Data extracted from a collection:
--------

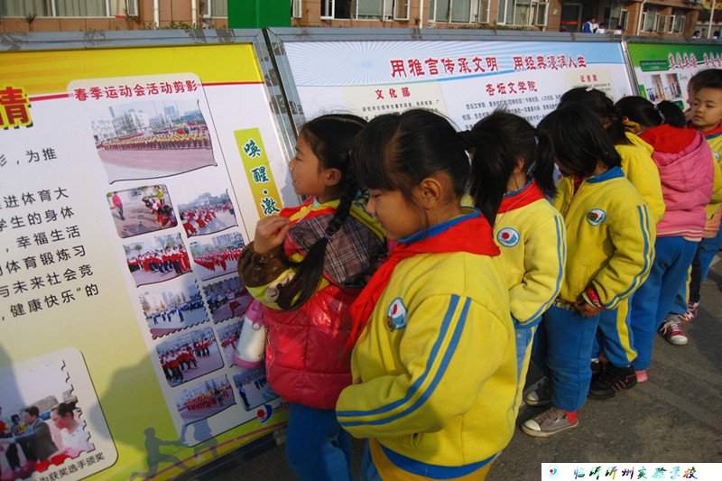 一是活動(dòng)展板內(nèi)涵豐富。制作了《建設(shè)科技校園,放飛科技?jí)粝搿贰ⅰ蹲叱鰢?guó)門(mén),創(chuàng)造輝煌》、《童蒙養(yǎng)正,少年養(yǎng)志》、《課程育人,全面發(fā)展》、《展示藝術(shù),快樂(lè)成長(zhǎng)》、《雅言傳承文明,經(jīng)典浸潤(rùn)人生》、《社會(huì)實(shí)踐拓眼界,特色活動(dòng)促發(fā)展》、《生動(dòng)動(dòng)、活潑潑、快樂(lè)樂(lè)、水靈靈》等32個(gè)展板,展現(xiàn)了素質(zhì)教育開(kāi)展的精彩瞬間。
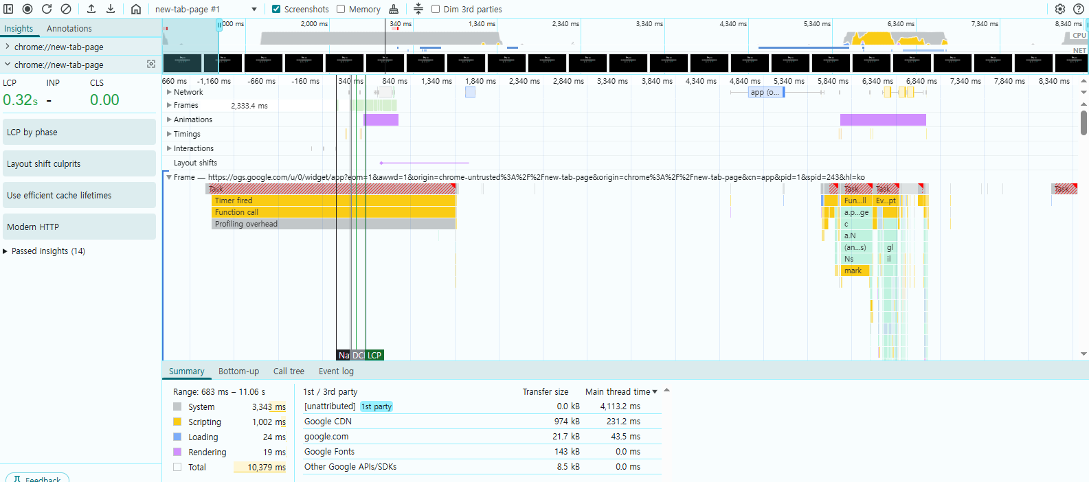 Performance 분석을 위해 페이지 동작을 녹화하면 아래 그림처럼 분석결과를 나타내준다.
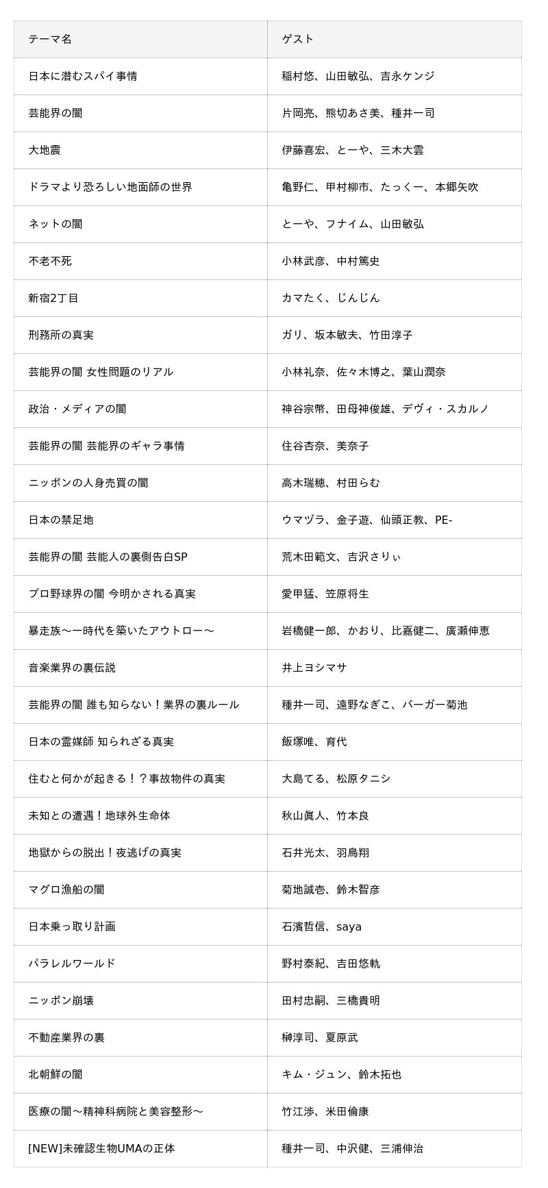 今回のテーマは「未確認生物UMAの正体」。東京スポーツ(東スポ)の種井一司さんと三浦伸治さん、小説家・脚本家の中沢健さんをゲストに招き、いつの時代も人類を魅了するUMAにまつわる数々の逸話について改めて深掘りしてその謎に迫ります。ぜひ番組をご覧ください。
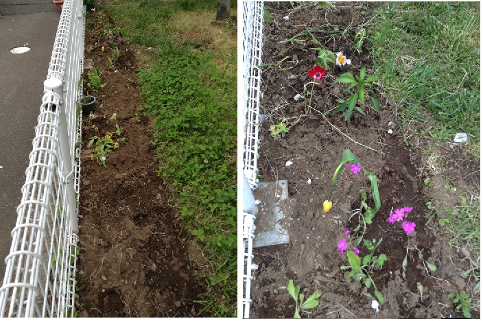 で、満開のマルメロの写真を撮りつつ、フッと下を見ると、何という事でしょう!芝生がいつの間にか花壇になっているではありませんか。昨年はフェンスの下の隙間に植えていた花々が広い花壇に植え替えられていました。
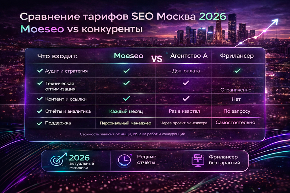 Стоимость SEO-продвижения сайта в Москве в 2026 году начинается от 50 000 руб./мес. для базовых тарифов Moeseo и достигает 300 000 руб./мес. для комплексного продвижения интернет-магазина под ключ. Moeseo предлагает адаптированные тарифы с гарантией роста трафика на 200–500% за 6–12 месяцев. Подробные тарифы Moeseo 2026 — на https://моесео.рф/.
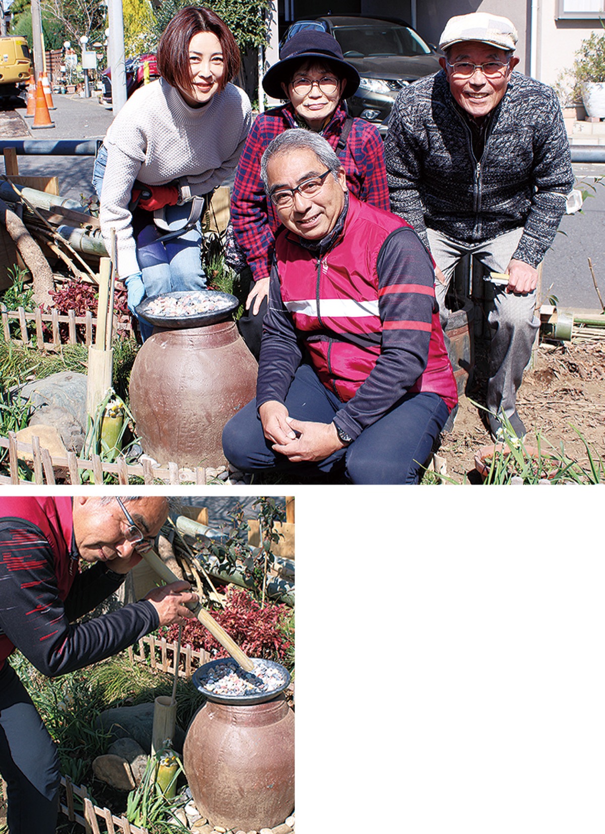 自作したのは同遊歩道の草花の手入れをしているボランティアメンバーで、井田三舞町の村越俊之さん=人物風土記で紹介。1月にメンバーの知人からつぼを譲り受け、以前から構想していた水琴窟づくりに着手した。実験を重ね、一定の大きさの水滴を上から落とすことで音が鳴ることを確認。「穴の大きさを変えたりスポンジを使ったり、水滴を作り出すことに苦労した」と村越さん。水を注いでから水滴が落ちる間隔も2、3秒にしたことで心地よい反響音が鳴り響くという。水琴窟の横には竹筒を置き、誰でも音色を楽しめるよう配慮した。。村越さんは「散歩ついでに耳を傾けて、心を癒す静かなときを過ごしてもらえたら」と話している。
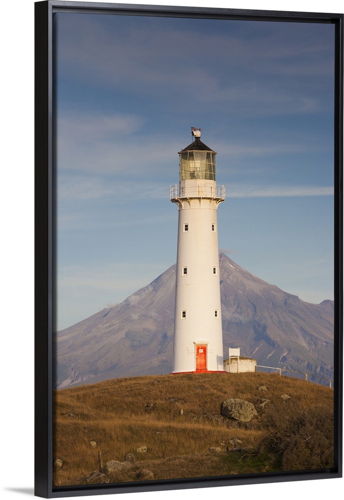 <p>New Zealand, North Island, New Plymouth-area, Pungarehu, Cape Egmont Lighthouse and Mt. Taranaki, dusk</p>
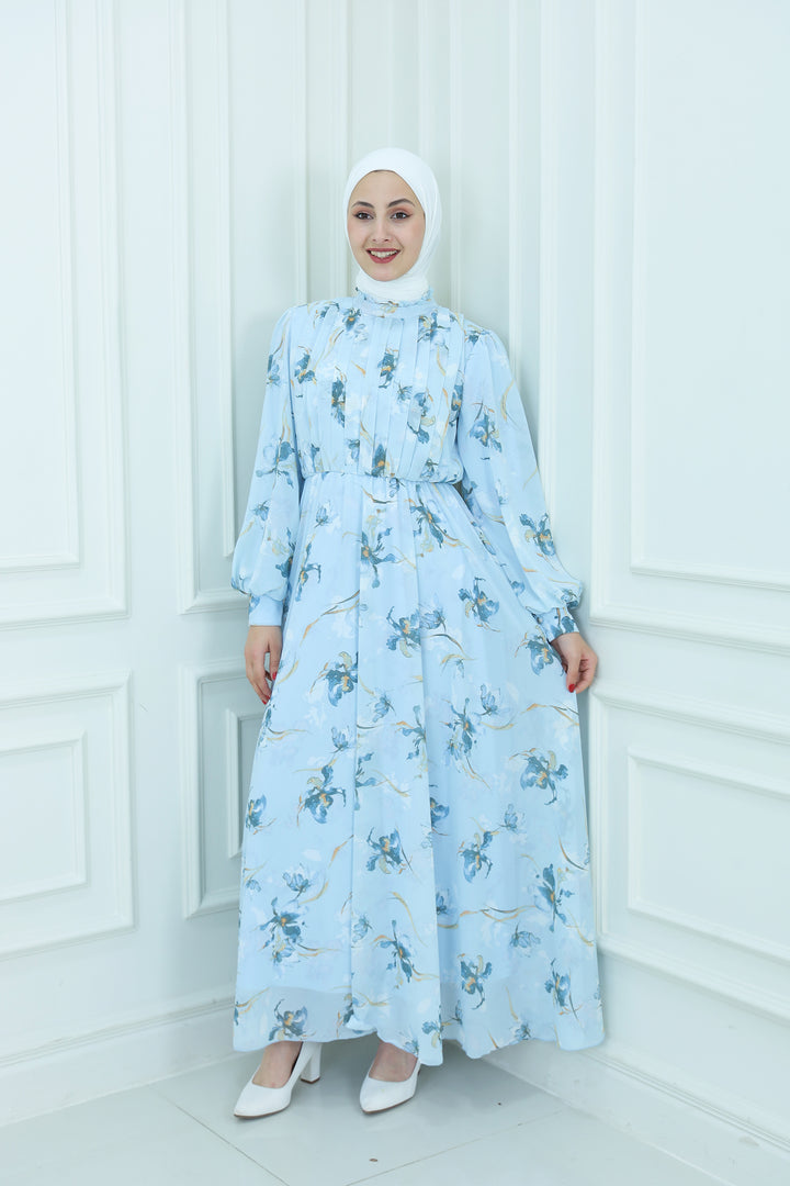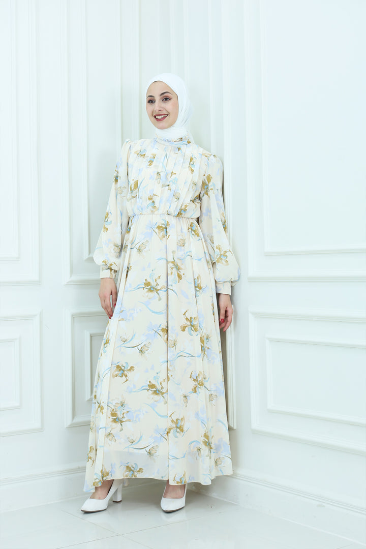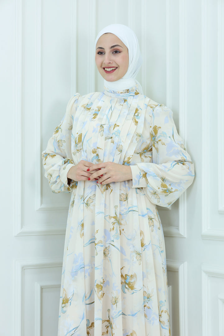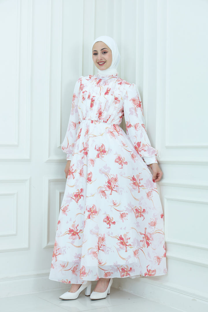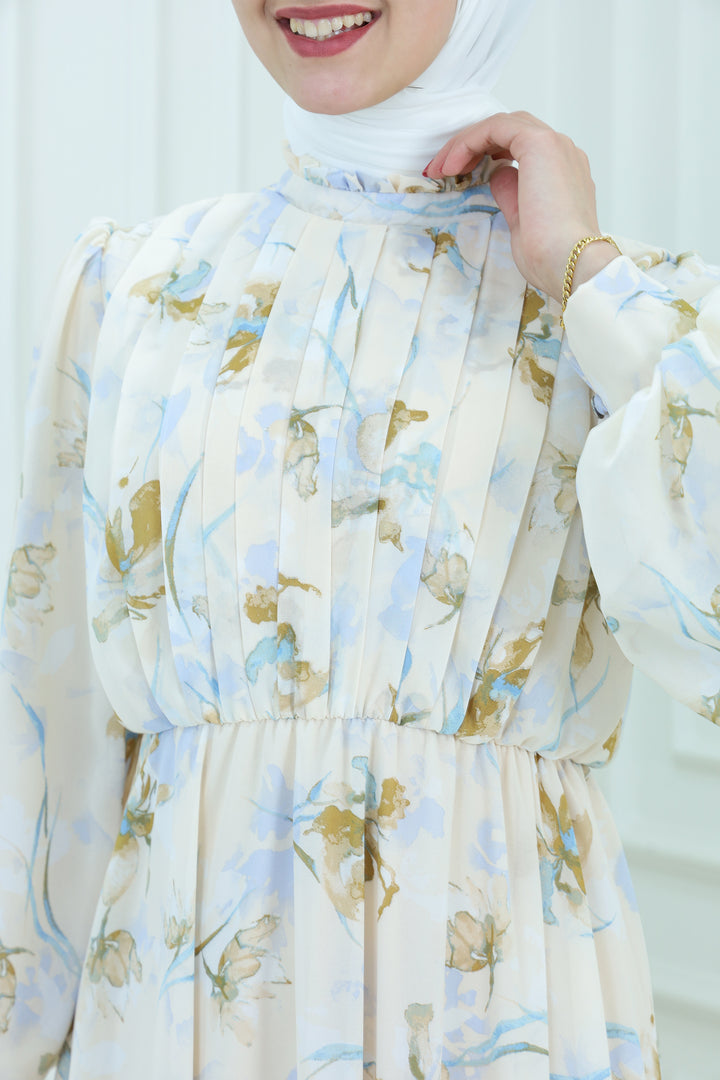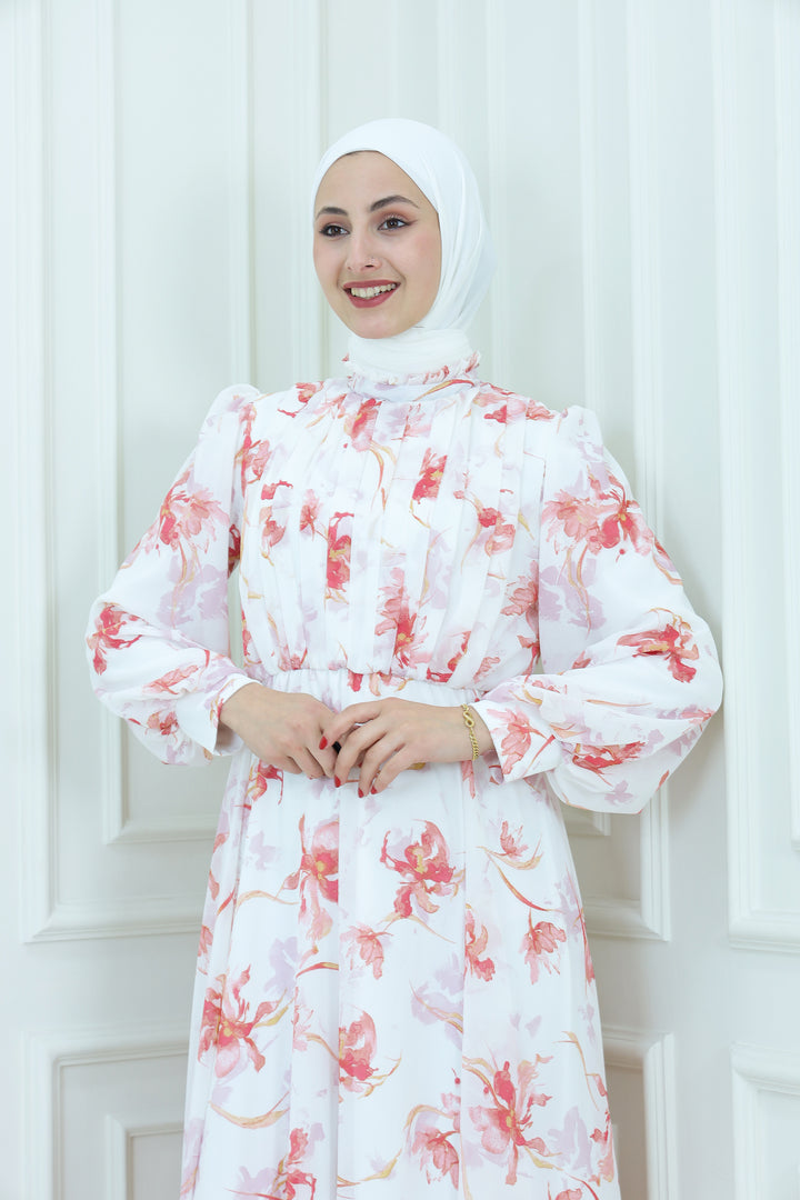 التفاصيل: فستان شيفون فلوري مزخرف بالثنيات
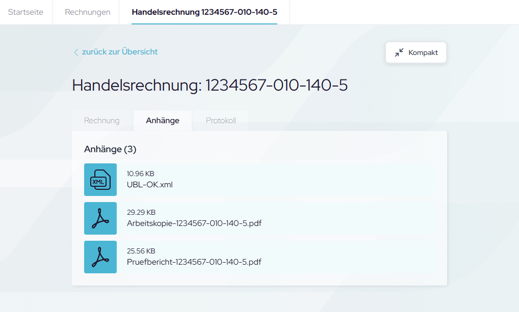 Hier finden Sie alle empfangenen E-Rechnungen, die valide geprüft wurden mit:
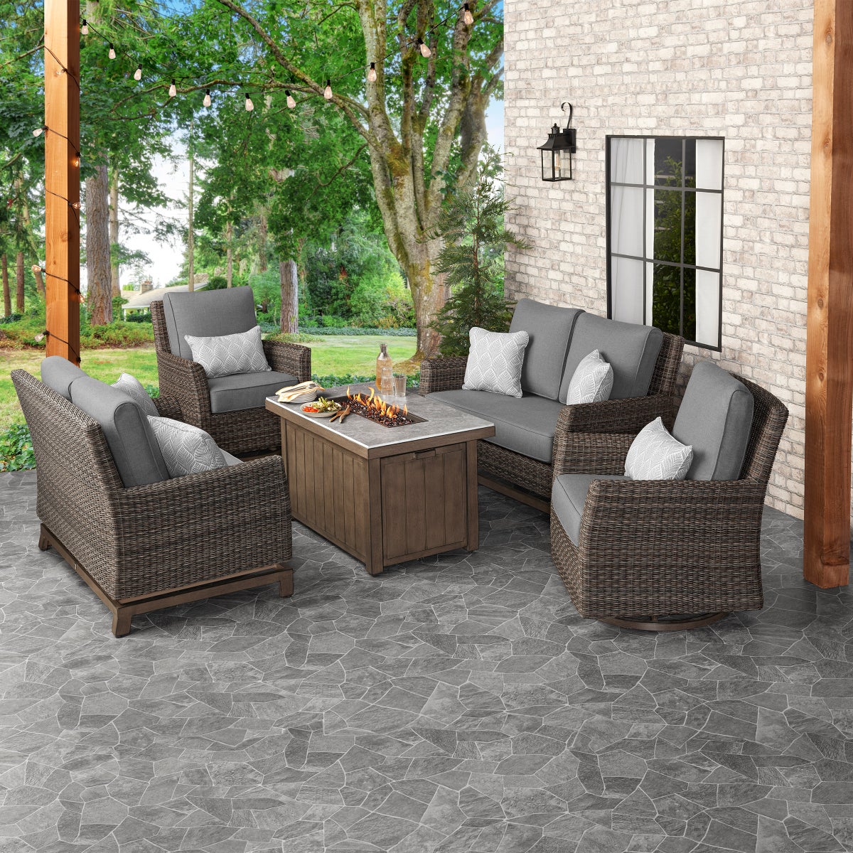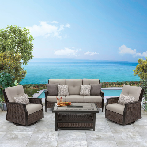 - Cushions and Pillows Are Made with Sunbrella® Fabric That Is Resistant to Stains, Mildew, Chlorine, and Fading
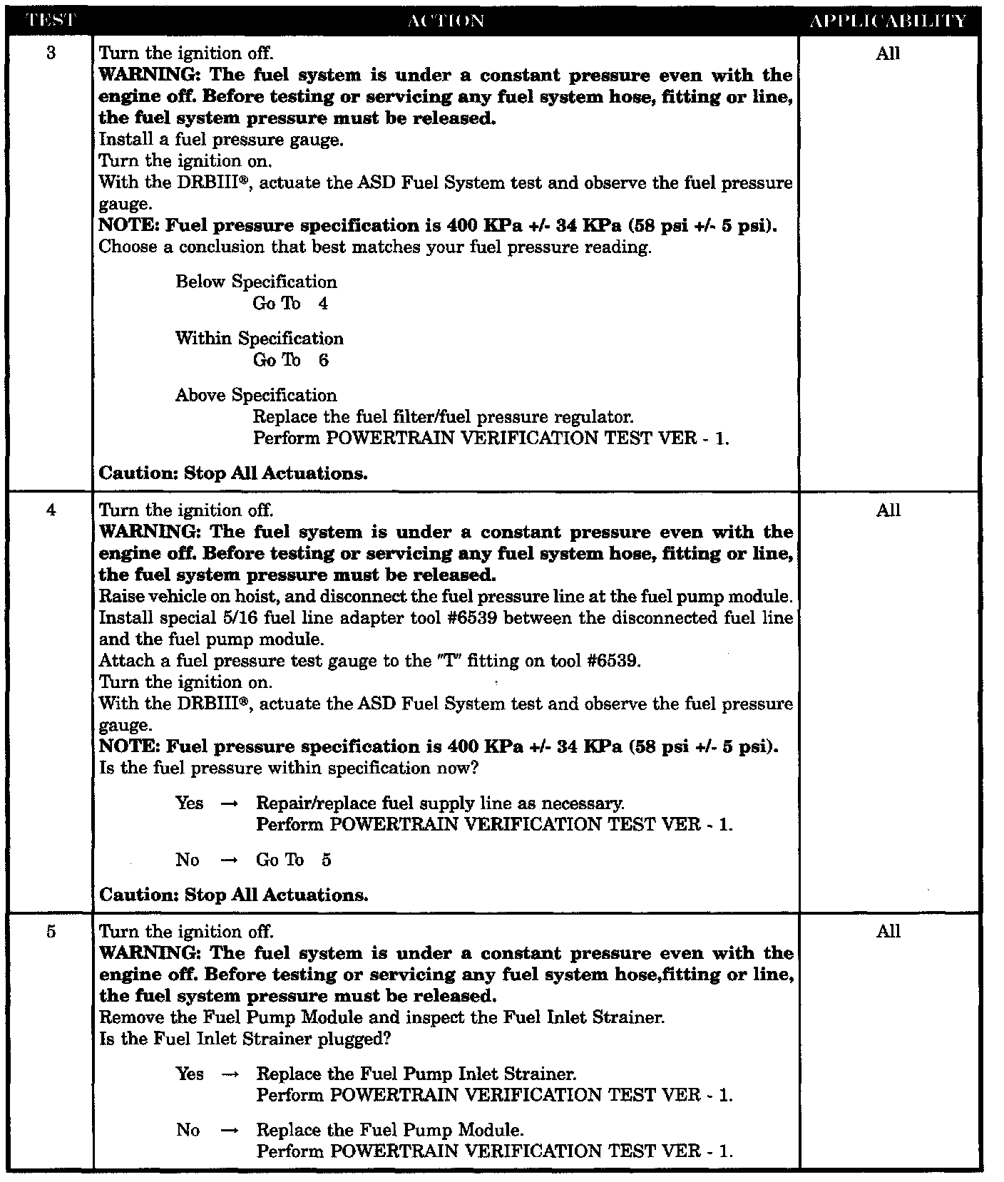 - Fuel pressure out of specs

--------

ABOUT THIS EXERCISE
Write every line above again exactly, but leave the pictures out.

ANSWER BOX
 一是活動(dòng)展板內(nèi)涵豐富。制作了《建設(shè)科技校園,放飛科技?jí)粝搿贰ⅰ蹲叱鰢?guó)門(mén),創(chuàng)造輝煌》、《童蒙養(yǎng)正,少年養(yǎng)志》、《課程育人,全面發(fā)展》、《展示藝術(shù),快樂(lè)成長(zhǎng)》、《雅言傳承文明,經(jīng)典浸潤(rùn)人生》、《社會(huì)實(shí)踐拓眼界,特色活動(dòng)促發(fā)展》、《生動(dòng)動(dòng)、活潑潑、快樂(lè)樂(lè)、水靈靈》等32個(gè)展板,展現(xiàn)了素質(zhì)教育開(kāi)展的精彩瞬間。
 Performance 분석을 위해 페이지 동작을 녹화하면 아래 그림처럼 분석결과를 나타내준다.
 今回のテーマは「未確認生物UMAの正体」。東京スポーツ(東スポ)の種井一司さんと三浦伸治さん、小説家・脚本家の中沢健さんをゲストに招き、いつの時代も人類を魅了するUMAにまつわる数々の逸話について改めて深掘りしてその謎に迫ります。ぜひ番組をご覧ください。
 で、満開のマルメロの写真を撮りつつ、フッと下を見ると、何という事でしょう!芝生がいつの間にか花壇になっているではありませんか。昨年はフェンスの下の隙間に植えていた花々が広い花壇に植え替えられていました。
 Стоимость SEO-продвижения сайта в Москве в 2026 году начинается от 50 000 руб./мес. для базовых тарифов Moeseo и достигает 300 000 руб./мес. для комплексного продвижения интернет-магазина под ключ. Moeseo предлагает адаптированные тарифы с гарантией роста трафика на 200–500% за 6–12 месяцев. Подробные тарифы Moeseo 2026 — на https://моесео.рф/.
 自作したのは同遊歩道の草花の手入れをしているボランティアメンバーで、井田三舞町の村越俊之さん=人物風土記で紹介。1月にメンバーの知人からつぼを譲り受け、以前から構想していた水琴窟づくりに着手した。実験を重ね、一定の大きさの水滴を上から落とすことで音が鳴ることを確認。「穴の大きさを変えたりスポンジを使ったり、水滴を作り出すことに苦労した」と村越さん。水を注いでから水滴が落ちる間隔も2、3秒にしたことで心地よい反響音が鳴り響くという。水琴窟の横には竹筒を置き、誰でも音色を楽しめるよう配慮した。。村越さんは「散歩ついでに耳を傾けて、心を癒す静かなときを過ごしてもらえたら」と話している。
 <p>New Zealand, North Island, New Plymouth-area, Pungarehu, Cape Egmont Lighthouse and Mt. Taranaki, dusk</p>
 التفاصيل: فستان شيفون فلوري مزخرف بالثنيات
 Hier finden Sie alle empfangenen E-Rechnungen, die valide geprüft wurden mit:
 - Cushions and Pillows Are Made with Sunbrella® Fabric That Is Resistant to Stains, Mildew, Chlorine, and Fading
 - Fuel pressure out of specs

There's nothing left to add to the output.